Fact: The 1988 carbon 14 dating used invalid samples snipped from a discrete medieval repair. Furthermore, kinetics constants for the loss of vanillin from lignin indicates that the cloth is at least twice as old as the dates determined by the carbon 14 dating with the faulty samples.

By some estimates, from examination of documenting photographs, there is sufficient new thread (about 60%) to allow adjusting the cloth's date to approximately the first century.

Fact: The images are formed by a brownish, complex conjugated carbon substance within a carbohydrate layer of starch fractions no thicker than 1/100 the diameter of a human hair.

The images are probably the product of an amino/carbonyl reaction.

Fact: The bloodstains are real blood. The blood is unusually red for old blood.

The blood probably stayed red and did not turn black as blood normally does because trace chemicals found in the starch fractions are hemolytic. Also, the blood is rich in bilirubin, a bile pigment produced when a human body is under severe traumatic stress.

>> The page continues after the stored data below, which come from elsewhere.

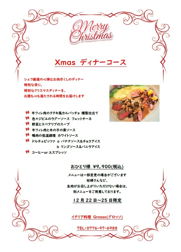 ※12月22日~25日のディナータイムは下記コース料理のみとなります。ご了承くださいませ。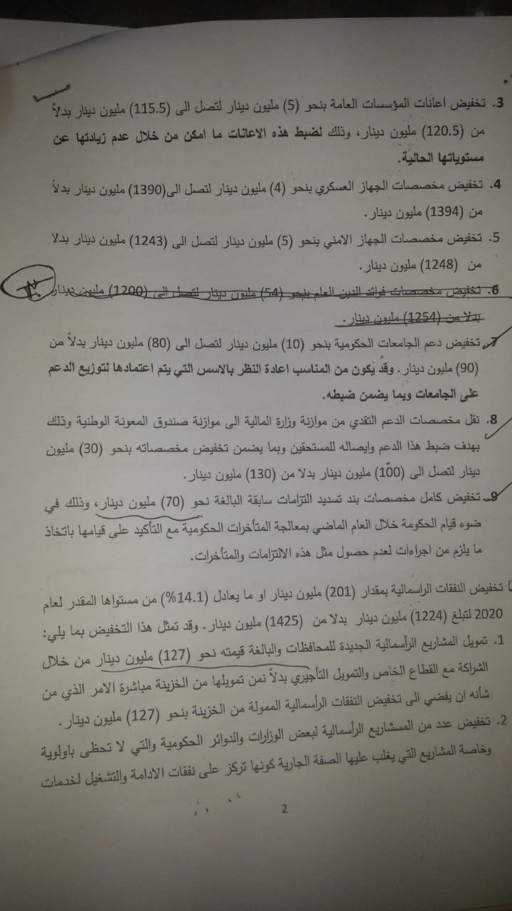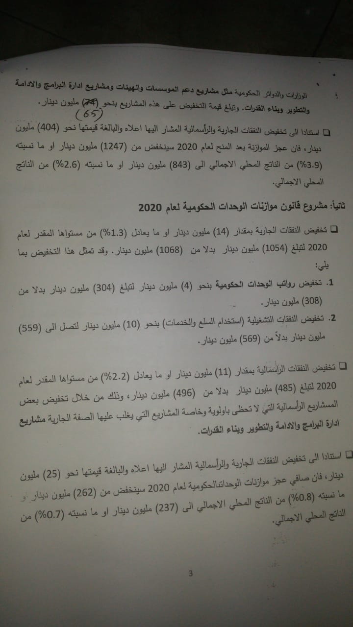 أحداث اليوم - اوصت اللجنة المالية في مجلس النواب بمسودة قرارها حول مشروعي قانوني الموازنة العامة والوحدات الحكومية لعام 2020 بخفض 404 ملايين دينار من نفقات الحكومة.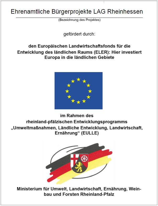 The voluntary citizen projects in the LEADER Rheinhessen region were funded within the scope of the EULLE development program involving the European Union and the state of Rhineland-Palatinate, represented by the Rhineland-Palatinate Ministry of Economic Affairs, Transport, Agriculture and Viticulture.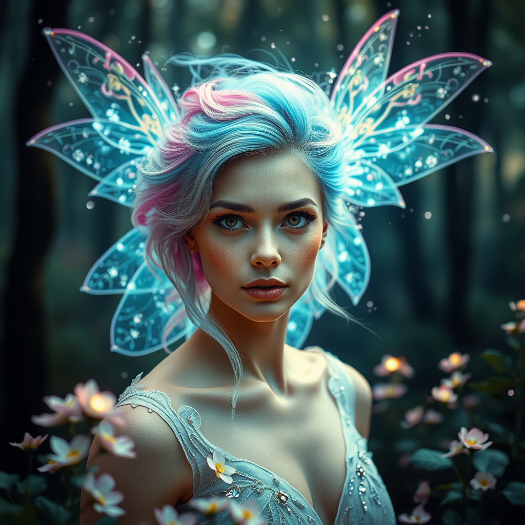 Enchanting forest landscape, time-bending sorcerer with flawless complexion, ethereal light particles, iridescent fairy wings, vibrant neon hair, delicate fractals of energy, immersive depth, spirit of adventure, abundant blossoms, artistic elegance, impeccable form, ultra-high-definition 32k resolution, premium quality, high-resolution, lifelike imagery, expert composition, cinematic perspective, dynamic lighting, rich hues, intricate detail, full body from a distance, engaging the viewer, mid-range shot.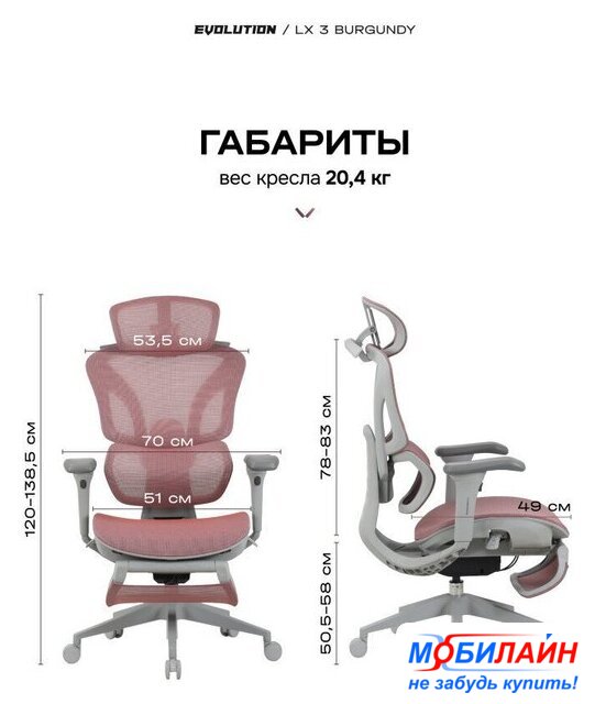 Высота кресла | 120 — 138.5 см |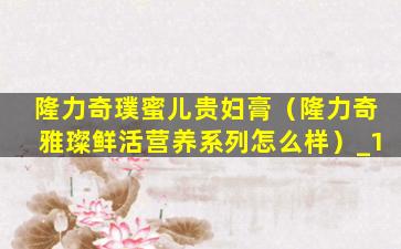 隆力奇璞蜜儿贵妇膏(隆力奇雅璨鲜活营养系列怎么样)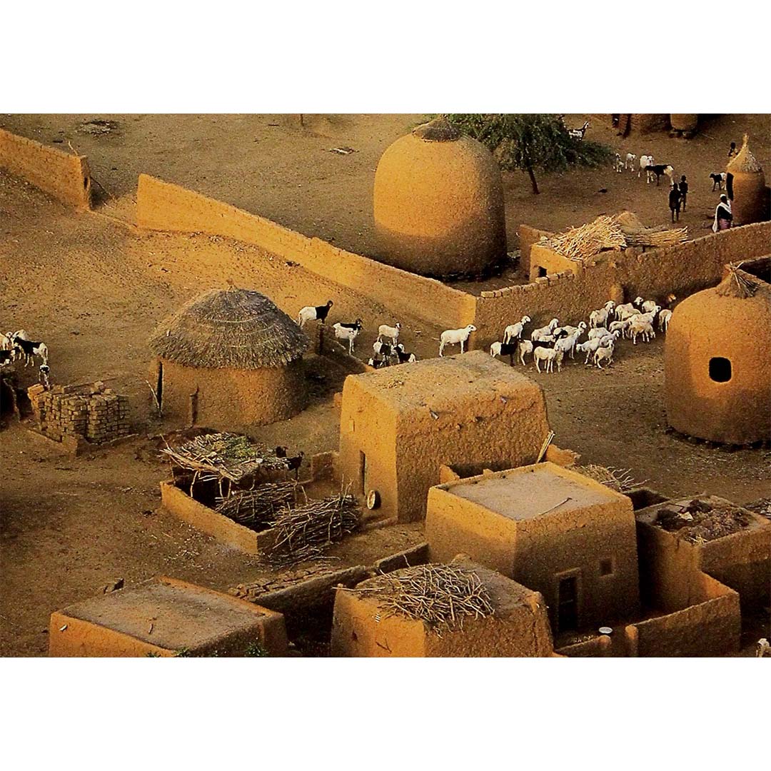 Vu du ciel, le village est une mosaïque harmonieuse de maisons ocre baignées de soleil, de greniers à dôme et d'enclos pour animaux, le tout dans des tons terreux qui se fondent parfaitement dans le paysage sahélien environnant. Quelques bosquets d'arbres d'un vert éclatant ponctuent le terrain aride, tandis que chèvres et vaches déambulent dans d'étroits passages – la vie en mouvement, figée dans l'immobilité.

Bilirubin is bright red and stays red.

Fact: There is a faint, superficial face image on the back of the cloth.

This supports the hypothesis of an amino/carbonyl reaction.

Fact: There are sufficient descriptive historical records to suggest that the Shroud of Turin is the Edessa cloth (ca. before 544 to 944 CE) and the Bucoleon Palace grave cloth of Constantinople (ca. 944 - 1204).

Fragmentary evidence suggests that the Edessa Cloth originated in Jerusalem in the 1st century and that it is the burial cloth of Jesus of Nazareth.